Calling to become a Sangoma

Jan du Toit

Ever wondered what the implications would be if the legislature deemed it necessary to include traditions in labour legislation? One can just imagine the chaos that would ensue. Looking at only the 11 official languages employers will have to accommodate 11 different cultures including the applicable customs, believes and rituals.

It is therefore widely accepted that an employee’s culture has no place in the workplace since the law makers did not deem it necessary to include specific cultures in legislation. Having said this, employers must remember that the Labour Relations and Employment Equity Acts are very clear on discrimination against employees based on their race, gender, sex, ethnic or social origin, colour, sexual orientation, age, disability, religion, conscience, belief, political opinion, culture, language, marital status or their family responsibility. 

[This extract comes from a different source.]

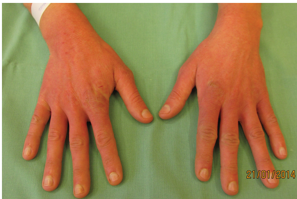
Obr. 3. Rukavicové postižení rukou, erytém až purpurový nádech kůže

noc (antipsychotikum). Pacient nejdříve odmítal hospitalizaci, jako důvod udával strach z nárůzy. Pro tuto obavu si umýval ruce několikrát denně, často myl i další části těla. Objektivně bylo přítomno rukavicové postižení rukou (obr. 3), erytém, lichenifikace a xeróza kůže na hřbetech rukou a dlaních, drobné ragády. Během hospitalizace bylo provedeno psychiatrické vyšetření se závěrem obsedantně-kompulzivní porucha. Výsledky epikutánních testů (Standardní evropská sada) a test alkalirezistence byly negativní. Byla navýšena dávka fluvoxaminu (150 mg/den), lokálně byl léčen steroidními externy a emoliencii. Omezení frekvence mytí rukou bylo za hospitalizace dosaženo krytím obvazy. Pacient byl předán do péče spádového psychiatra, nespolupracoval, neužíval léky podle doporučení, několikrát odmítl hospitalizaci na psychiatrickém oddělení (jedním z udaných důvodů bylo, že musí vyřešit nakaženou oblast konečníku, kterou si několikrát denně drhne kartáčkem, současně došlo ke zhoršení stavu rukou). Po opakovaných intervencích rodiny a psychiatra však nakonec s hospitalizací souhlasil, v nemocnici bylo dohlédnuto na dodržování farmakoterapie a po její úpravě se stav pacienta výrazně zlepšil. V důsledku omezení mytí rukou se zlepšil i kožní nález. V současnosti užívá kombinaci antipsychotik ziprasidonu (20 mg/den), risperidonu (2 mg/den) a antidepresiv clomipraminu (50 mg/den) a sertralínu s postupným snižováním (nyní 50 mg/den).

The result of a dismissal based on an employee’s religion would most certainly end up in the Labour Court where compensation up to an amount equal to the employee’s salary for a period of 24 months could be awarded in the favour of such an employee. An employer would therefore be within his rights to refuse an employee one month of unpaid leave in order to become a Sangoma, as long as he does not allow a Christian employee one month of unpaid leave to do missionary work somewhere in Africa.

This raises an interesting question, would you as an employer allow an employee one month of unpaid leave in order to become a Sangoma if you can operationally not allow that employee to be absent from work for one month? It must be understood that in terms of the Basic Conditions of Employment Act there may be periods of unpaid leave but the employee does not have an automatic right to claim unpaid leave. If the employee does not have annual leave available or the employer cannot accommodate the employee, then there is nothing in our current labour legislation that would prevent the employer from declining such a request. This is provided that the employer acts consistently in this regard and does not allow the Christian employee unpaid leave during the same period.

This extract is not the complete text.